§ Dataset excerpts:

-----

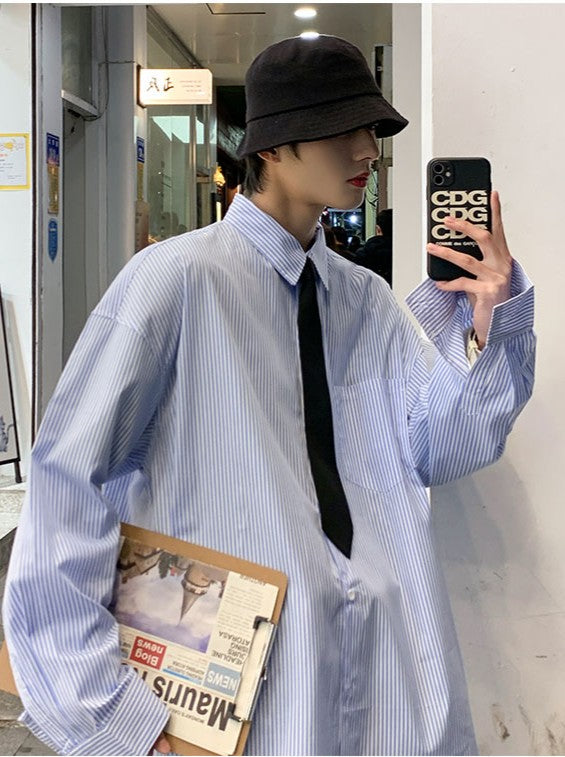 商品説明:夏にぴったりの薄手のストライプシャツ。長袖で、インス風のカジュアルなデザインが特徴。ゆったりとしたシルエットで、トレンド感溢れる、どんなコーデにも最適な一枚です。
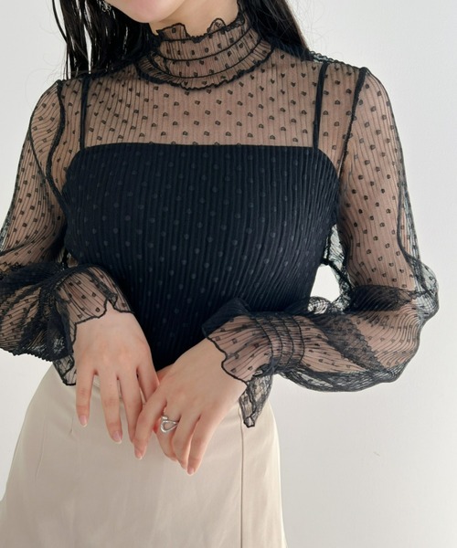 首元と袖口の程よいボリューム感が今っぽい◎ レイヤードにもぴったりなドットプリーツのシアートップス ▼ポイント ドット柄のプリーツチュールとシアー感が大人可愛いシースルー素材トップス♡ トップスとして単体ではもちろん、インナーとしても使えるのでロングシーズン大活躍してくれます。 襟のメロウや袖のフレアなシルエットがスタイリングに華やかさをプラスしてくれ、いつものコーデもお洒落感アップに◎ シンプルながらディティールにこだわっており、着回し力も抜群な今マストな1枚です♪ ▼スタイリング キャミワンピースやジャンスカのインナーに合わせてガーリーなコーデから、スウェットやパーカーのインナーとして韓国っぽコーデまで、幅広いテイストのレイヤードに活躍してくれる1枚。 中にキャミソールを合わせてトップスとして着るのはもちろん、カジュアルコーデに女の子らしさをプラスするのに使うのもオススメです♪ 程よい透け感なので卒業パーティーやお呼ばれ等のドレスやジャケットのインナーとしても◎ いつものコーデからオケージョンまで幅広いシーンで使える、ワードローブで大活躍するアイテムです♡ 【Loueme...♡】 ”Loulou”(可愛い子) + "bohéme"(自由奔放) 造語から”Louéme(ルエム)”が誕生しました。 自由気ままに、おしゃれを楽しみ 自分のため、大切な誰かのために いつだってかわいくいたい女の子のためのブランドです。 ※ご覧のモニター・撮影環境により実際の商品と多少色味が異なって見える場合がございます。 予めご了承をお願いいたします。 ~お買い物をよりお楽しみいただく為に~ ▼”商品”のお気に入り登録 →ハートをクリック! 完売カラーの再入荷や、ラスト1点の通知、セールの際の通知を受ける事ができます♡ ▼”ブランド”のお気に入り登録 新商品や再入荷など、いち早くブランドのお得な情報を受け取ることができます♡ ※他のキャンペーンにより、期間中に価格が変動する場合があります。 ※セールは予告なく終了させていただく場合もあります。
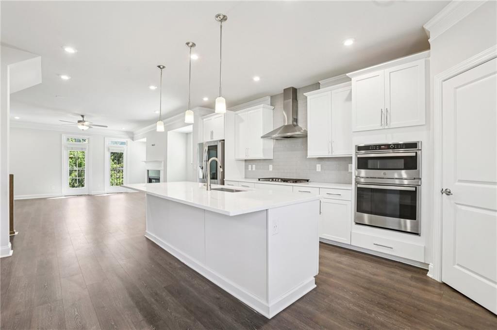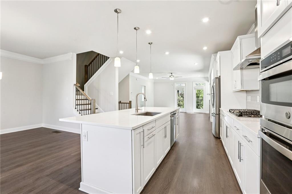 - KitchenCabinets White, Eat-in Kitchen, Kitchen Island, Stone Counters
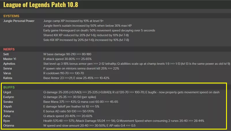 整体来说,这版别除了厄加特的全面加强以外,其他英豪加强起伏并不算大,不过原本不削弱就当是加强了,现在能加强也是一件功德。至于其他英豪的削弱和打野机制的改动,限于篇幅就不剖析了,概况能够看别的一篇的剖析。
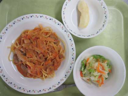 スパゲティトマトクリームソース 牛乳 春キャベツのサラダ りんご
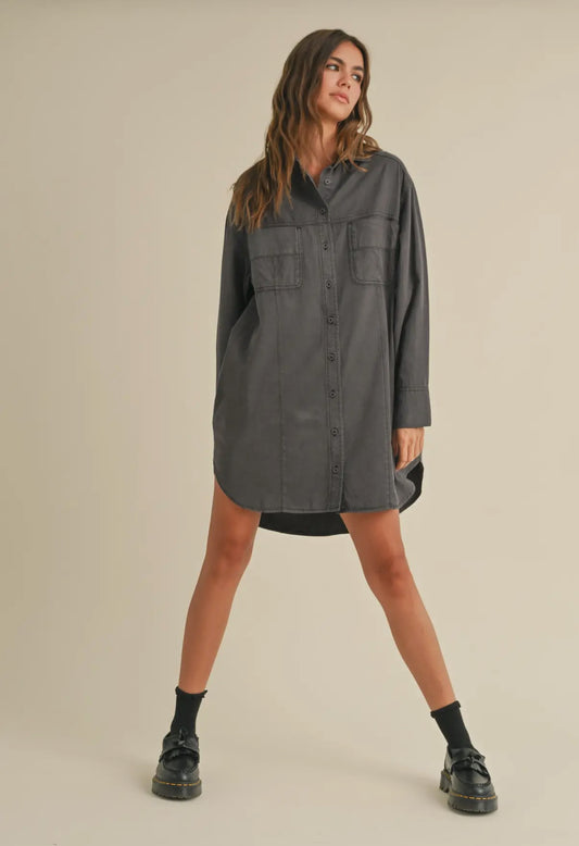 Washed Button Down Shirt Dress
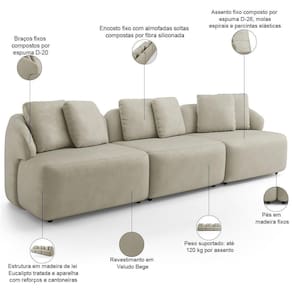 ProductLength: 87 cm | Color: Bege | ColorFamily: Bege | Model: Arlo | ProductInstructions: Produto para uso em ambiente interno, nao devendo ficar exposto ao sol, calor e umidade excessivos. | Quantidade de Caixas de embalagem: 3 | Unidades por kit: 1 | Requer montagem: Não | Cor: Bege | Tipo de produto: Sofá Modulado | Fabricante: Lyam Decor | Altura: 87 cm | Orientação do Sofá: Linear | Peso: 130 kg | Mecanismo de abertura do produto: na | Material de enchimento do encosto: Fibra Siliconada | Densidade da espuma do assento: D-26 | Peso máximo suportado: 360 kg | Desenho do tecido: Liso | Estilo: Moderno | ColorSupplier: Bege | Formato do sofá: Orgânico | ColorSimple: Bege | ProductWidth: 234 cm | OriginState: PR | SizeDescription: Altura: 87 cm x Largura: 234 cm x Profundidade: 87 cm | Linha: Sala de Estar, Living | ProductWarranty: 90 dias após o recebimento do produto | Cor dos pés: Marrom Escuro | OriginCountry: Brasil | Largura: 234 cm | ProductHeight: 87 cm | SupplierSimpleName: Sofá 3 Lugares Para Sala de Estar Living 234cm Arlo F04 Veludo Bege - Lyam Decor | Material do estofamento: Veludo | Material: Madeira de Eucalipto, Cantoneiras, Chapas em MDF | MaterialFamily: Madeira de Eucalipto | ProductWeight: 130 kg | Profundidade: 87 cm | ProductContents: 01 Sofá
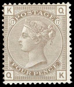 Great Britain, 1880, Queen Victoria, 4d gray brown, Large Garter watermark. Plate 17, lettered QK, o.g., strong vibrant color, fresh and Fine, with 1984 R.P.S.L. certificate. SG No. 154. Scott No. 71; $2,750. US$0 (Image)
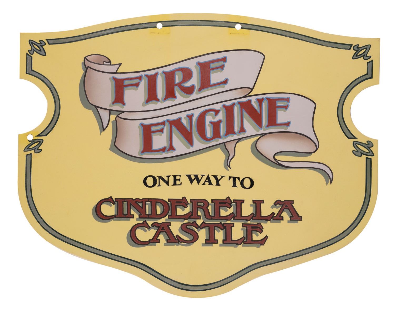 (Walt Disney World, 2000s) A sign for the Town Square boarding point to ride the Fire Engine to Cinderella Castle on Main Street at the Magic Kingdom. The badge-shaped sign reads the same on both sides with hand-painted turn-of-the-century typeface, and has holes at the top where it was suspended from a lamppost. Measuring 14.25"x17.75", the piece is in good condition with paint loss and surface wear to patina, oxidation, and scuffs from handling and outdoor Park display.
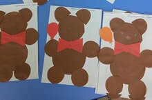 Бүген без балалар белән "Аю" кисеп, ябыштырдык. Башта төрле размерда түгәрәк кистеләр, аннары шуларны ябыштырдылар.
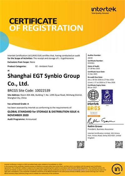 在創思維驗廠網老師專業技術、全程跟進耐心細致輔導以及公司全體員工配合下,一次性順利通過RBC認證并取得A級證書,為將來公司發展奠定了良好的發展基礎,既開拓了市場同時也增加了消費者對公司的信賴,在這里再次祝賀上海麥角硫因科技有限公司2025年一次性成功通過RBC認證并取得A級證書,同時也期待未來再次與創思維驗廠網合作!

-----

§ The problem:
Without the pictures, set down the lines above from the line with "スパゲティトマトクリームソース 牛乳 春キャベツのサラダ りんご" up to and including the line with "ProductLength: 87 cm" exactly as they stand.

§ Written answer:
 スパゲティトマトクリームソース 牛乳 春キャベツのサラダ りんご
 Washed Button Down Shirt Dress
 ProductLength: 87 cm | Color: Bege | ColorFamily: Bege | Model: Arlo | ProductInstructions: Produto para uso em ambiente interno, nao devendo ficar exposto ao sol, calor e umidade excessivos. | Quantidade de Caixas de embalagem: 3 | Unidades por kit: 1 | Requer montagem: Não | Cor: Bege | Tipo de produto: Sofá Modulado | Fabricante: Lyam Decor | Altura: 87 cm | Orientação do Sofá: Linear | Peso: 130 kg | Mecanismo de abertura do produto: na | Material de enchimento do encosto: Fibra Siliconada | Densidade da espuma do assento: D-26 | Peso máximo suportado: 360 kg | Desenho do tecido: Liso | Estilo: Moderno | ColorSupplier: Bege | Formato do sofá: Orgânico | ColorSimple: Bege | ProductWidth: 234 cm | OriginState: PR | SizeDescription: Altura: 87 cm x Largura: 234 cm x Profundidade: 87 cm | Linha: Sala de Estar, Living | ProductWarranty: 90 dias após o recebimento do produto | Cor dos pés: Marrom Escuro | OriginCountry: Brasil | Largura: 234 cm | ProductHeight: 87 cm | SupplierSimpleName: Sofá 3 Lugares Para Sala de Estar Living 234cm Arlo F04 Veludo Bege - Lyam Decor | Material do estofamento: Veludo | Material: Madeira de Eucalipto, Cantoneiras, Chapas em MDF | MaterialFamily: Madeira de Eucalipto | ProductWeight: 130 kg | Profundidade: 87 cm | ProductContents: 01 Sofá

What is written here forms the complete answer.